Writings

The slow revolution that makes learning fun

It’s hard to feel like a covert revolutionary when hovering around a reception class on a chilly Thursday morning. But within minutes of arriving at St Silas’ Church of England Primary School in Blackburn, it is clear that I have stepped into a bold educational experiment that daringly flies in the face of much current accepted thinking. All around, four- and five-year-olds are playing energetically with water, building things or writing stories. So far, so normal, except that – compulsory phonics instruction apart – pupils are allowed to concentrate on one activity all day if they want to. Equally, they are free to wander from task to task.

I am not often in touch with my inner Nick Gibb but at first this “free play” approach leaves me feeling a little at sea. Don’t children need structure? I mean, what’s the plan here? Moving up through the school, my Hirschian jaw begins to relax. All parts of the national curriculum are being covered, in depth and, apparently, with huge enthusiasm. Some nine-year-olds show me the Anderson shelters they have built before reading from their spirited reimaginings of aspects of the Second World War. It is abundantly clear that by Year 6, St Silas’ has created a room full of independent learners, deeply engaged in what they are doing.

This is reflected in steadily improving Sats scores, despite the school losing many high achievers to two newly opened local free schools. This year’s cohort are the first to have spent their entire primary school life using the Slow Education approach.

Over at Matthew Moss High School in Rochdale, an 11-16 comprehensive, a similar revolution is in progress. A mix of independent project work, detailed feedback and group work, and an emphasis on genuine research skills, produces 12-year-olds who can talk articulately about whether we are at risk of running out of electricity, while sharing details of their ongoing correspondence with postgraduates from the University of Manchester.

The well-resourced music department is full of pink- and blue-haired teenagers playing loudly in studios, mixing tracks or creating promotional material for upcoming concerts. Senior leaders at Matthew Moss, under a new headteacher since 2013, are currently wrestling with the implications of the English Baccalaureate, reluctant to force students into taking subjects that don’t engage them. The school, in the top quintile for measures of deprivation, is keen to improve on its 2014 GCSE headline results (49 per cent of pupils achieved a C or above in five or more subjects, including English and maths). But one of its strengths is the way it encourages students to find out what they love, and pursue it.

National figures for the last quarter of 2014 show that 7 per cent of post-16s were not in education and employment. The figure for Matthew Moss (over one year) is 1.7 per cent. It performs strongly on value-added measures. In one sense, Slow Education is nothing new.
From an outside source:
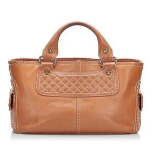 Celine Boogie Bag Tan Brown Quilted Calfskin Top Handle Gold HW Satchel Handbag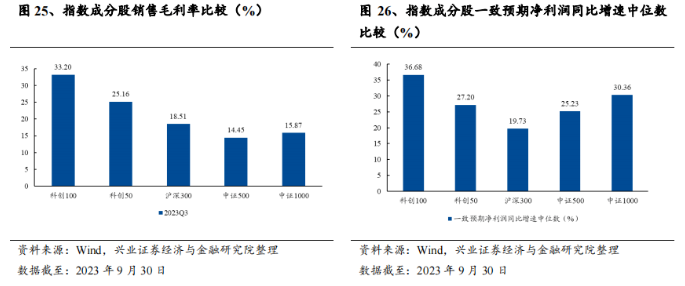 兴业证券指出,科创板100指数盈利能力优秀,净利润增长预期较高:2023年第三季度,科创100指数成分股销售毛利率显著高于沪深300、中证500及中证1000等宽基指数,展现出优秀的盈利能力。同时,科创100成分股一致预期净利润同比增速中位数为36.68%,领先于主流宽基指数。结构上,四季度在成长和价值之间反复,市场底向上的过程倾向于成长将更占优一些(汽车零部件+医药+半导体+算力),指数上看好科创100指数。

It is the modern recasting of a progressive approach to education that goes back to the original “free schools” of Summerhill and Kilquhanity in Scotland or the post-war experiments of secondary-modern headteacher Alex Bloom in London’s East End. Sadly, these innovative educators have been caricatured over the years as part of the disingenuous Goveian rewriting of educational history.

But what strikes me the most about this modern version of “child-centred education” is its rigour. It mixes something of today’s “high expectations” culture with older ideas about having the time – and the freedom – to learn. At both schools, I found myself impressed by the commitment and self-critical reflection among school leaders, teachers and teaching assistants. It also offers an interesting way out of what is fast becoming a rather tired debate about knowledge versus skills. There’s plenty of “traditional” learning in both schools (what you or I might call “normal lessons”) yet the whole point of Slow Education is not to spurn knowledge but to anchor it more authentically.

As Mike Grenier, a teacher at Eton, and a member of the Slow Education network, argues: “To achieve mastery of a subject requires time to learn but also time to reflect on how learning has happened. Many simple tests/forms of assessment largely remove any thinking and become tests of memory. Thus, the so-called traditionalists rail against skills as if they are somehow nebulous and examples of lazy thinkers, and the socalled progressives see knowledge as damaging to creativity and of no lasting significance. Both positions are incorrect.”

Grenier adds that the “more nuanced synthesis of thinking and learning at the heart of Slow Education [is] hard to implement [in a] culture of ‘fast-food’ learning in which… measurement has become paramount”.

In other words: how can we balance the development of a love of learning for its own sake with the high, and some would argue obsessive, priority now attached to raw data?

A lot of the external pressure comes not only from government ministers or Ofsted but also from ambitious parents. During my tours of St Silas’ and Matthew Moss, I couldn’t help wondering how such pushy parents (there are virtually none in either of the schools) would react to Slow Education. Panic, I suspect.

Which is a pity. The corridors and classrooms of both schools hum with enjoyment, the ease of relations between staff and students and a kind of intellectual happiness. Matthew Moss set up a Saturday school: scores of Year 10 and 11 students come to revise, or tackle difficult bits of the curriculum, with volunteer “learning coaches” from Rochdale Sixth Form College. Such enthusiasm is not unusual in state schools, of course, but it is worth celebrating in contrast to the dreary drilland-kill approach currently so dominant in England’s education system.